Muscles can self-repair after exercise without stem cells

Muscle cells (myofibers) are designed to fulfill their purpose: to contract. Resulting from the fusion of hundreds of cells during development, one muscle cell grows into a large, multinucleated fiber. The cytoplasm of muscle cells is almost entirely occupied by sarcomeres, contractile units composed of overlapping actomyosin complexes and structural proteins. This unique architecture allows us to move around, whether to brush our teeth or run up stairs. But such mechanical pressure can lead to muscle damage, especially when stress is at its highest such as during exercise. Thankfully, the muscle organ possesses stem cells that activate to regenerate muscle cells after injury. These stem cells have astounding regenerative capabilities and have fascinated muscle biologists for decades. What we wondered in this study, was if muscle cells had the potential to repair injuries on their own, without stem cells.

Figure: Myonuclei aggregate at an injury site where they locally deliver mRNA for cellular reconstruction. Image produce by Helena Pinheiro.

Using several models of local muscle damage, we identified a new mechanism of muscle regeneration: myofiber self-repair. Local damage to muscle cells triggers a signaling cascade involving calcium, Cdc42 and phosphokinase C that attracts nearby myonuclei to migrate to the injury site. The microtubule cytoskeleton and dynein motor proteins mediate these nuclear movements. Migrating myonuclei start expressing sarcomeric mRNAs, which are locally delivered at the injury site and translated into proteins for sarcomere reconstruction. This self-repair process occurs within 48 hours, is tailored to minor injuries and is independent of muscle stem cells.

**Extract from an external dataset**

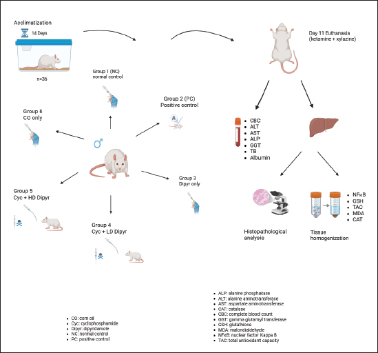 Fig. 1. Experimental design of the study. Group 1 received 0.1 ml of normal saline. Group 2 was treated with Cyc at 200 mg/kg on the ninth day. Group 3 received a dose of 30 mg/kg Dipyr for ten days. Group 4 received an oral dose of 15 mg/kg Dipyr for ten days with Cyc 200 mg/kg injection on the ninth day. Group 5 received an oral dose of 30 mg/kg Dipyr for ten days with Cyc 200 mg/kg injection on the ninth day. Group 6 served as the control group for corn oil.. Animal euthanasia and organ collectionOn the eleventh day of the experiment, the rats were anesthetized by a 0.4 ml combination of ketamine (100 mg/ml manufactured by Doga Ilac, Türkiye) and xylazine (20 mg/ml, manufactured by Beltavetpharma, Türkiye). The final solution of ketamine/xylazine contained ketamine at a rate of 33.3 mg/ml and xylazine at 6.7 mg/ml, and it was injected at a rate of 3 ml/kg. After that, the chest cavity was opened, and the animals were sacrificed by exsanguination. The collected blood was divided into two tubes for complete blood count and biochemical analyses. Then, the peritoneal cavity was opened, and the liver was collected and flushed with 0.9% NaCl solution. The livers were weighed on a sensitive balance, and 2 g of tissue was excised for homogenization by mixing with 18 ml of phosphate-buffered saline (PBS), homogenizing with a mechanical homogenizer, and then centrifuging in a cold centrifuge. The supernatant was then transferred to a separate Eppendorf tube and stored at −80 ºC until used to measure OS, antioxidants, and immunological biomarkers. The remaining liver tissue was placed in 10% formalin for histopathological processing. Body/liver weight measurementsThe rats’ body weights were measured using a digital balance on days 1, 9, and 11 during the experiment. Additionally, the freshly excised livers of sacrificed animals were weighed after washing in 0.9% NaCl solution and drying with medical gauze to determine the liver-to-body weight ratio. Biochemical analysisThe serum samples were centrifuged with a microcentrifuge (Hettich Zentrifugen EBA20, Germany). Then, serum levels of alanine transaminase (ALT), aspartate transaminase (AST), alkaline phosphatase (ALP), gamma-glutamyl transferase (GGT), total bilirubin (TB), and albumin were measured. The above-mentioned parameters were measured with Cobas C 311 (Roche/Hitachi, Switzerland). Assessment of hepatic oxidative stress and antioxidant biomarkersThe MDA (malondialdehyde) ELISA Kit was used to measure MDA levels in liver tissue. Additionally, the Rat TAC ELISA kit was used to measure TAC in liver tissue. This test helps evaluate the liver’s ability to counteract OS by neutralizing free radicals. Moreover, the Rat Glutathione (GSH) ELISA Kit was used to measure GSH levels in the liver. Furthermore, the Rat Catalase ELISA Kit was used to measure catalase enzyme levels. All kits were manufactured by Bioassay Technology Laboratory (China), and the procedures were conducted according to the manufacturer’s instructions. Measuring the nuclear factor kappa B (NF-κB) levels in the liverThe Rat Nuclear Factor Kappa B (NF-κB) ELISA kit, manufactured by Bioassay Technology Laboratory (China), was used to measure NF-κB activation levels in the liver tissue, which play a critical role in inflammation, immune response, OS, and liver disease progression. The procedure was conducted following the manufacturer’s instructions. Hematological analysisThe automated Mindray Auto Hematology Analyzer BC-2800Vet (Shenzhen Mindray Biomedical Electronics Co., Ltd., China) was used to measure hematological parameters, such as total and differential leukocyte counts, erythrocyte and thrombocyte counts, hemoglobin concentration, hematocrit, mean corpuscular volume (MCV), mean corpuscular hemoglobin (MCH), and mean corpuscular hemoglobin concentration (MCHC). Histopathological procedureThe histopathological protocol used was based on a procedure from a previous study (Arsad et al., 2014). The liver tissue was allowed to fix for more than 48 hours, as was recommended by previous studies (Ming et al., 2021). The liver samples were placed in 10% formalin and then dehydrated through a gradual increase in ethanol concentration (70%, 80%, 90%, and 100%), washed, and cleared in xylol. They were subsequently rehydrated and embedded in paraffin. Then, 5-µm-thick sections were stained with hematoxylin and eosin (H&E), cover-slipped, and examined under a standard light microscope (Motic, Japan) at various magnifications. The hepatic tissue was assessed for changes in architecture, portal triads, hepatocytes, sinusoids, inflammation, and the occurrence of degeneration, necrosis, and fatty change. The alterations were classified into the following categories: Grade 0: Unremarkable histological findings (0%); Grade 1: Mild change involving up to 25%, initiation of change; Grade 2: Moderate change involving 26–50%; Grade 3: Moderate-severe change involving 51–75%; and Grade 4: Severe change involving >75%, widespread changes identified (Hassan et al., 2022). The following lesions were considered during the histopathological examination: Swelling of hepatocytes, hydropic degeneration, congestion of central veins, congestion of portal veins, congestion of sinusoidal capillaries, and the degree of inflammation. Statistical analysisThe data of the results were expressed as the mean ± SEM. A one-way analysis of variance (ANOVA) was used to analyze parametric data, followed by Duncan’s post hoc test; the Kruskal-Wallis test was used for nonparametric data. A probability level of 0.05 was considered to determine significant differences. Ethical approvalThe College of Veterinary Medicine, University of Sulaimani, approved the study protocol through the approval number AUP-2024-32. ResultsAnimal and liver weightsThe weight of rats on day 1 of the study ranged from 194.2 g to 211.8 g, with no significant differences between the groups (Fig. 2). By day 9, their weights i

Myofiber self-repair represents a new paradigm from which to understand muscle regeneration in exercise, disorders and aging. Acting as the first line of defense when facing muscle damage, myofiber self-repair is a promising cellular process that can be harnessed to preserve muscle integrity.

It is difficult to overstate the importance of the HFSP funding for the implementation of this project. The salary and research funds gave me the agency to explore the facets of the project I was most interested in. Moreover, the flexibility in the funding timeline and the assistance provided by the Fellowship Office were instrumental in tailoring my post-doc for my scientific development and the completion of the project.
 
This project opened more doors than it closed. I am currently seeking group leader positions in which I can explore further this new research line to tackle fundamental biological questions and translate these findings towards a societal impact.